なお、請求項4の発明における(I)に対する(II)の添加量は、0.5〜20重量%好ましくは1〜10重量%であり、請求項5の発明における(1)に対する(2)の添加量は、0.1〜10重量%、好ましくは0.3〜5重量%である。
【0008】
本発明に用いる(i)のイソシアネート基(−N=C=O基)含有化合物としては、脂肪族イソシアネート、芳香族イソシアネート、その分子中の1部にイソシアネート基を有する高分子化合物などを挙げることができる。また1つの化合物当りのイソシアネート基の数は、1つであってもよいし、2以上であってもよい。以下に具体例を示と、ヘキサメチレンジイソシアネート(HMDI)、オクタメチレンジイソシアネート、デカメチレンジイソシアネートなどの炭素数6〜20の脂肪族ジイソシアネート化合物、トリレンジイソシアネート(TDI)、水素添加したTDI(メチルシクロヘキサンのジイソシアネート)、キシリレンジイソシアネート(XDI)、m−キシリレンジイソシアネート(MXDI)、メチレンビス(1,4−フェニレン)ジイソシアネート(MDI)、ジメリールジイソシアネート(DDI)、4,4′−ジフェニルメタンジイソシアネート、ジアニシジンジイソシアネート、トリデンジイソシアネート、フェニルイソシアネート、クロルフェニルイソシアネート、ジクロルフェニルイソシアネート、1,5−ナフタレンジイソシアネート、トリフェニルメタントリイソシアネート、トリス(4−フェニルイソシアネートチオホスフェート)、N,N′(4,4′−ジメチル−3,3′−ジフェニルジイソシアネート)ウレジオン、4,4′,4″−トリメチル−3,3′,3″−トリイソシアネート−2,4,6−トリフェニルシアヌレート、2,6−ジイソシアネートメチルカプロエートなどの化合物およびポリメチレンポリフェニルイソシアネート(P.A.P.I:昭和44年6月30日、日刊興行新聞社発行、岩田敬治著、「ポリウレタン樹脂」45〜51頁参照)、イソシアネート再生体(上記刊行物51〜52頁参照)あるいは前述のようなイソシアネート化合物とポリオール、ポリカルボン酸、ポリアミンなどのイソシアネート基と反応性の基をもつ化合物との反応生成物であって、末端に未反応のイソシアネート基をもつものなどを挙げることができる。
【0009】
前記(ii)の複数の水酸基(COOH基の形でもよい)を含有する化合物としては、ポリエステルポリオール、ポリエーテルポリオール、アクリルポリオール、ポリマーポリオール、ヒマシ油などを挙げることができる。
【0010】
ポリエステルポリオールとしては、末端が水酸基のヒドロキシルポリエステル、末端がカルボキシル基のカルボキシルポリエステルなどを挙げることができる。

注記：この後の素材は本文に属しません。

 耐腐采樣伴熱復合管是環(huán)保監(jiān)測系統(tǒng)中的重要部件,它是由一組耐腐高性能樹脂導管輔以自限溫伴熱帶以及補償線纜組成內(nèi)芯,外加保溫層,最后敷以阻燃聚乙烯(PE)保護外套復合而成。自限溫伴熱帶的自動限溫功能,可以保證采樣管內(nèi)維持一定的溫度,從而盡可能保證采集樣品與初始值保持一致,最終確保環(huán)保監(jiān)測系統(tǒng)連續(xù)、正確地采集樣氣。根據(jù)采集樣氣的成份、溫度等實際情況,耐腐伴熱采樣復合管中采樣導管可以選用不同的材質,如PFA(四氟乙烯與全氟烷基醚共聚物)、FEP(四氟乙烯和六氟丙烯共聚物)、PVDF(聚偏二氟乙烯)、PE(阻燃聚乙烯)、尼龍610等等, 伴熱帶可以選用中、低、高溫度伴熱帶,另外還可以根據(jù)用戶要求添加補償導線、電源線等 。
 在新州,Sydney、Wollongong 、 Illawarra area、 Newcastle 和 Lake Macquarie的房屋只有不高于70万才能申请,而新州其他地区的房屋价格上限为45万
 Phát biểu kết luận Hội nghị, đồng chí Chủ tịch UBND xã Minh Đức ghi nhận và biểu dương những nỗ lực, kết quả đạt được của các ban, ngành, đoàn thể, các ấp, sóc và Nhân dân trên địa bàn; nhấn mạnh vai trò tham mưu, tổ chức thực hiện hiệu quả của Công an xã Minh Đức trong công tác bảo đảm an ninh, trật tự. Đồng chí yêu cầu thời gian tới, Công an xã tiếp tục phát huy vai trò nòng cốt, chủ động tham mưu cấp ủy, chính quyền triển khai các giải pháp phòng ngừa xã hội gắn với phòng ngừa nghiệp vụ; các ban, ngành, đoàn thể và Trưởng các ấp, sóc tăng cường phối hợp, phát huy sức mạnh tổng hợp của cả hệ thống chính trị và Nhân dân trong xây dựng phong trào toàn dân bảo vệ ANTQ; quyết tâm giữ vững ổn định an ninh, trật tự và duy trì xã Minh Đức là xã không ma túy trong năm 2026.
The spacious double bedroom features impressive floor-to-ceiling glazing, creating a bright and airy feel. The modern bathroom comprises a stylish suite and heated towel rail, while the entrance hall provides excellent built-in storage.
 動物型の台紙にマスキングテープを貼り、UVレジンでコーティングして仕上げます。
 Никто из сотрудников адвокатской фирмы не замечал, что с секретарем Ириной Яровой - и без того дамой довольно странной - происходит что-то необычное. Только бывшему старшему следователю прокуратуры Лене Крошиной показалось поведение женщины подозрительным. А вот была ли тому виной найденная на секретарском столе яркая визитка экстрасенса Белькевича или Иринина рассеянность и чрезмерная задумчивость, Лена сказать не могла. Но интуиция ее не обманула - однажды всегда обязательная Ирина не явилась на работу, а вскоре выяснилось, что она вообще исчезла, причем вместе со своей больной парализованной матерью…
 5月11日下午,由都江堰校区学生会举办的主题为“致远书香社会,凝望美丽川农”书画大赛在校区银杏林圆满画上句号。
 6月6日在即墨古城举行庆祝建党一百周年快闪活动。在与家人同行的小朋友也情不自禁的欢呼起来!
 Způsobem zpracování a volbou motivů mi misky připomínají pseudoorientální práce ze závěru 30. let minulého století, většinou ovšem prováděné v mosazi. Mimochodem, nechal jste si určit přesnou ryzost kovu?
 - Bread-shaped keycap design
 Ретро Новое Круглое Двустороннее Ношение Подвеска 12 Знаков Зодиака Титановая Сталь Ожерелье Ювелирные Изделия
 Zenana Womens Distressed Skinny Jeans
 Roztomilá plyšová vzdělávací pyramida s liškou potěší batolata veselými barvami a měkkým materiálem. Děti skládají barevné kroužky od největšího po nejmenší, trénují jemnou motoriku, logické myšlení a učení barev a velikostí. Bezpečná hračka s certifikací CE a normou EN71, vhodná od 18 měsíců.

このものは、通常ポリウレタン製造用原料として周知のものであり、例えば昭和44年6月30日 日刊工業新聞社発行 岩田敬治著 プラスチック材料講座2「ポリウレタン樹脂」第56〜61頁記載のものを挙げることができる。
【0011】
ポリエーテルポリオールとしては、ポリオキシプロピレングリコール、ポリ(オキシプロピレン)ポリ(オキシエチレン)グリコール、ポリ(オキシブチレン)グリコール、ポリ(オキシテトラメチレン)グリコールなどのジオール、ポリ(オキシプロピレン)トリオール、ポリ(オキシプロピレン)ポリ(オキシエチレン)トリオール、ポリ(オキシプロピレン)ポリ(オキシエチレン)ポリ(オキシプロピレン)トリオールなどのトリオール、その他、ソルビトール、ペンタエリスリトール、シュクローズ、スターチ、リン酸などの無機酸を開始剤としたポリ(オキシプロピレン)ポリオール、ポリ(オキシプロピレン)ポリ(オキシエチレン)ポリオールなどを挙げることができる(詳しくは、前記「ポリウレタン樹脂」第61〜69頁参照)。

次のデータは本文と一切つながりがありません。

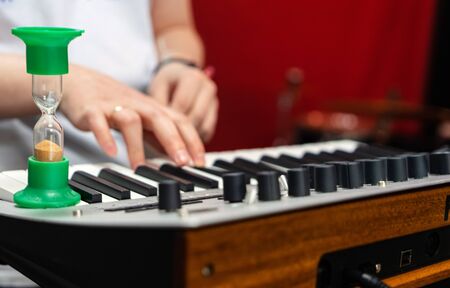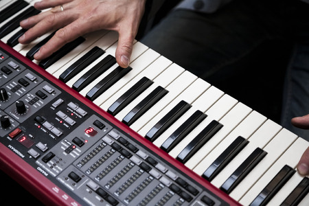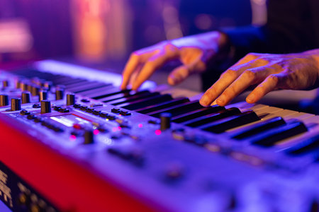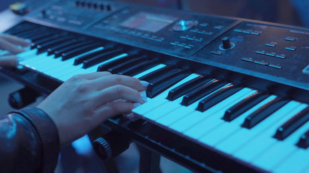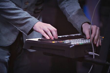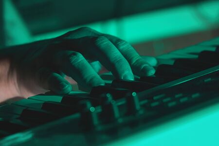 Hand of A pianist or keyboardist of a rock band close up playing a synthesizer. Selective focus
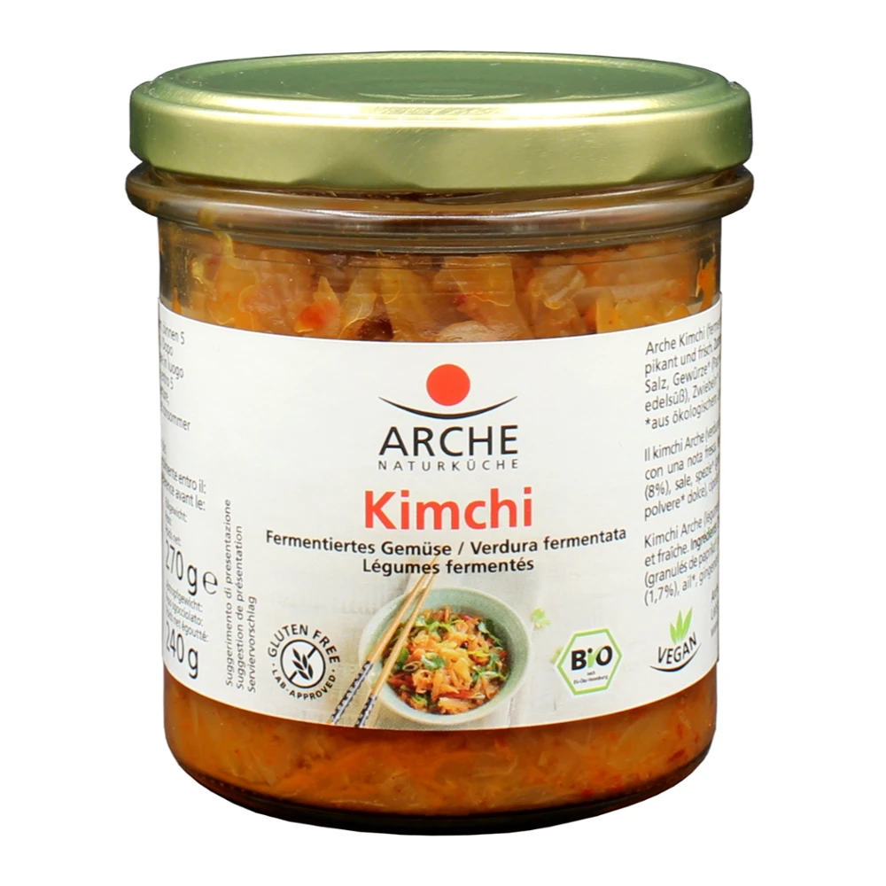 Arche Kimchi aus Weißkohl, Karotten, Zwiebeln und Gewürzen schmeckt würzig, pikant und säuerlich-frisch. Es ist eine vielfältige Beilage zu verschiedenen Gerichten, schmeckt in Suppen, Wraps oder Bowls.
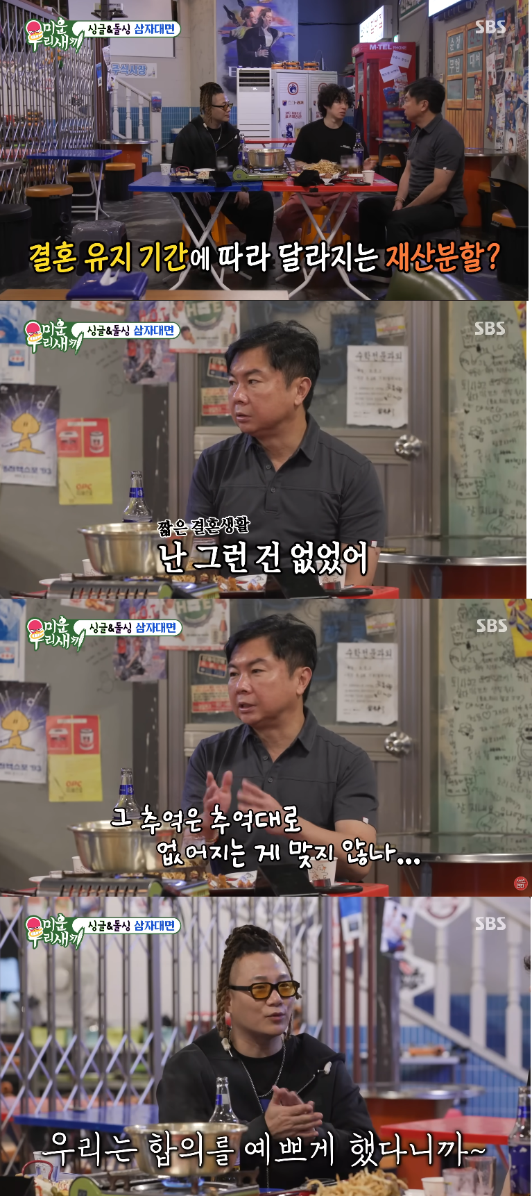 지난 2일 방송된 SBS 예능 프로그램 ‘미운 우리 새끼’에서는 김희철, 윤민수, 임원희가 함께 식사를 하며 현실적인 ‘이혼 토크’를 나누는 장면이 그려졌다.

また、ポリマーポリオールは、ブタジエン、スチレン、アクリロニトリルから選ばれた少なくとも1種のモノマーを重合または共重合して得られたポリマーの両端に水酸基を持たせたものである。
【0012】
本発明における(i)のイソシアネート基含有化合物と(ii)の複数の水酸基を含有する化合物との使用割合は、NCO基の数/OHの数の比が1.1〜2.0であることが好ましく、とくに1.1〜1.5であることが望ましい。

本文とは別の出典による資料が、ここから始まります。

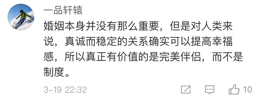 一定要遇到理想的结婚对象才会选择结婚。事业排第一,婚姻排在最后。我进入婚姻的初衷是为了让生活变得更好,而且婚姻更多还是一种合作关系,两个人在一起能够提高生活品质,经济方面相互帮助,降低生活成本,增强风险抵抗能力。身边朋友未婚的比较多,但有时看到已婚的朋友生活幸福,会有短暂的焦虑感,但更多地受到父母不幸的婚姻生活的影响,我对婚姻基本没有什么正面的期望。
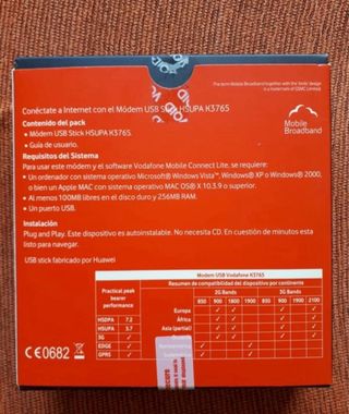 Módem USB Vodafone para acceso a Internet. - Modelo: HSUPA K3765 - Conexión: USB - Incluye guía de inicio rápido
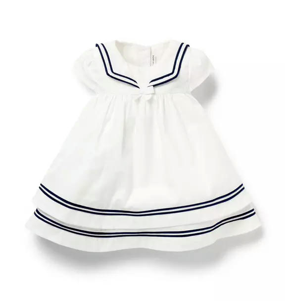 A sea of style for first moments. With a classic sailor collar and bow detail, plus piped trim and puff sleeves, our pure cotton dress is an instant love.
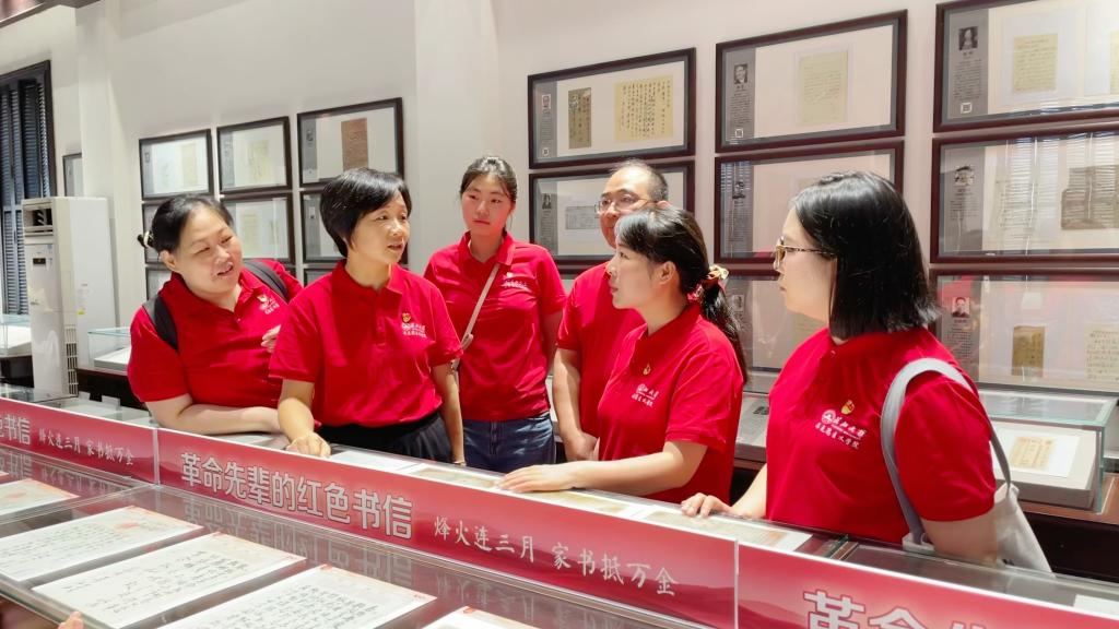(图为“信·荆楚”暑期实践队队员在馆内寻访红色书信)
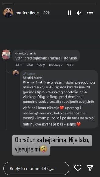Marin Miletić pohvalio se odgovorom pratiteljici koja mu je uputila kritiku na Facebooku.
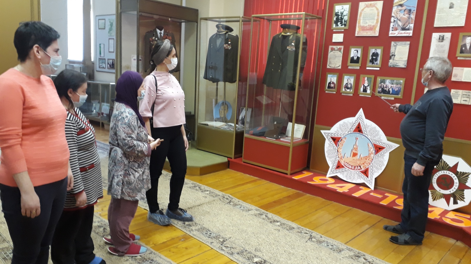 В преддверии празднования 76–й годовщины Победы в Великой Отечественной войне специалист отделения социальной помощи семье и детям комплексного центра социального обслуживания населения «Гармония» Буинского района организовала экскурсию в краеведческий музей для граждан с ментальными нарушениями.
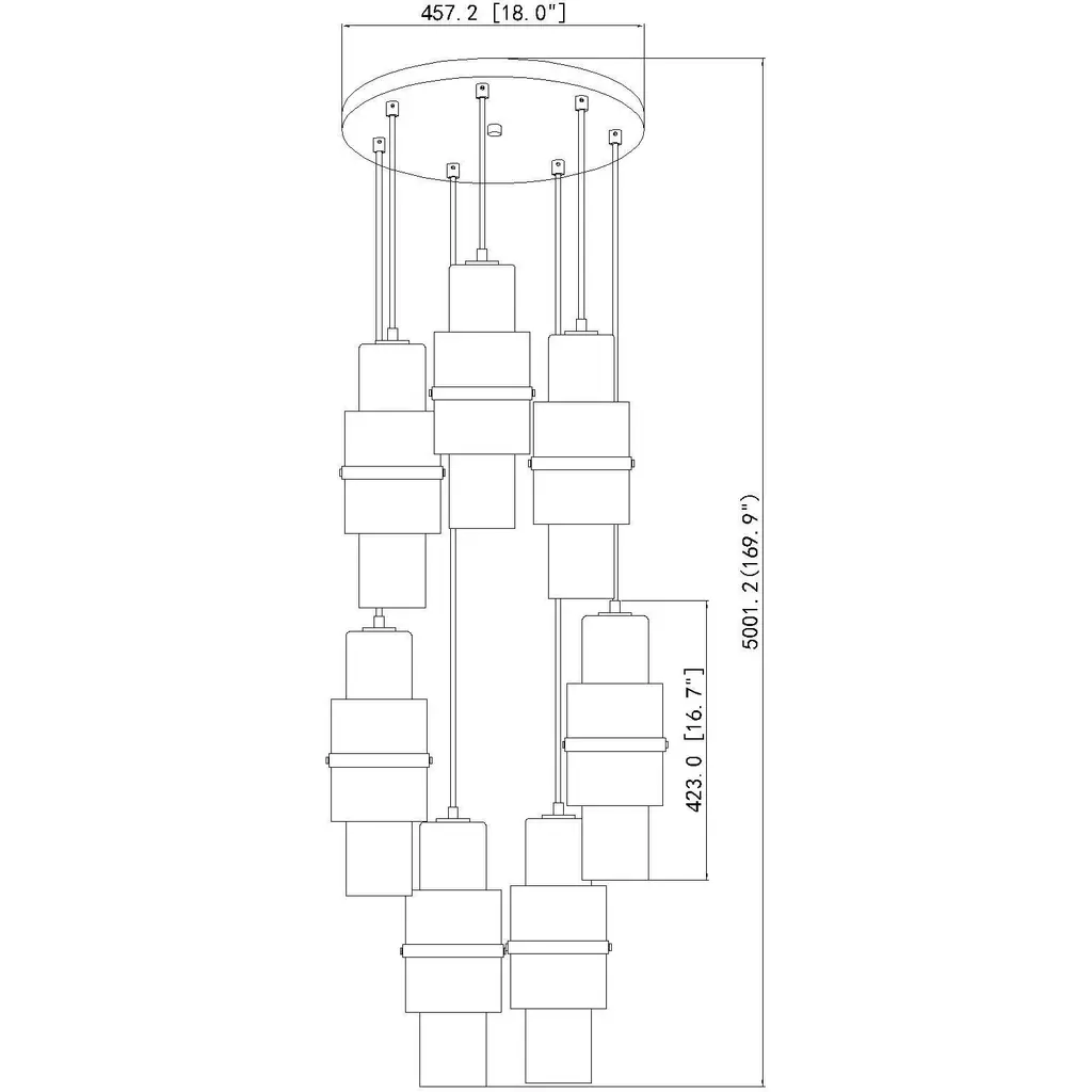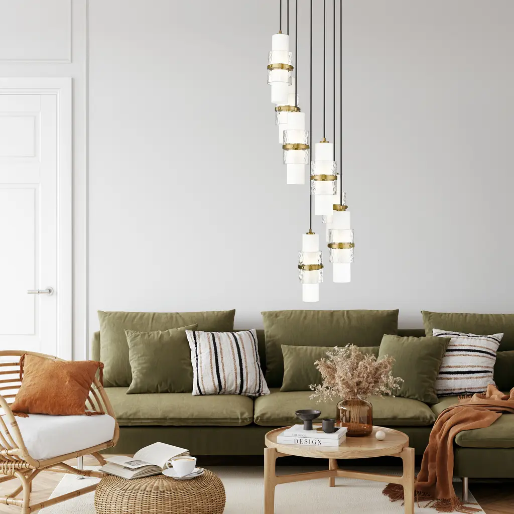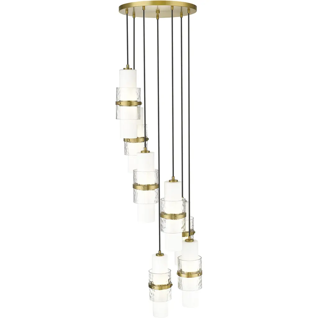 Cylindrical shades are arranged in a dizzying spiral to establish a superb silhouette for this modern seven-light chandelier. Perfect over a staircase or dining table, the chandelier features a modern gold finish canopy and decorative cuffs, which complement etched opal and clear textured glass cylinders that combine to create a stunning display.

なお、本発明においては、前記(i)と(ii)の反応が終了した後、このままでは粘度が高すぎるので、前記反応に用いたイソシアネート基含有化合物を加え、遊離のNCO含有率が15〜17%になるように調製することが好ましい。
【0013】
本発明の請求項1または2にかかるイソシアネート基含有反応生成物は、合成樹脂系床材組成物、合成樹脂系接着剤組成物、合成樹脂系下地用組成物、合成樹脂系コーティング用組成物中にブレンドしてもよいし、これらの組成物と隣接する状態で適用してもよい。
【0014】
合成樹脂系組成物に可塑剤として用いられているフタル酸エステル、トリメリット酸エステル、脂肪族二塩基酸エステル、リン酸エステルとしては、下記のものを挙げることができる。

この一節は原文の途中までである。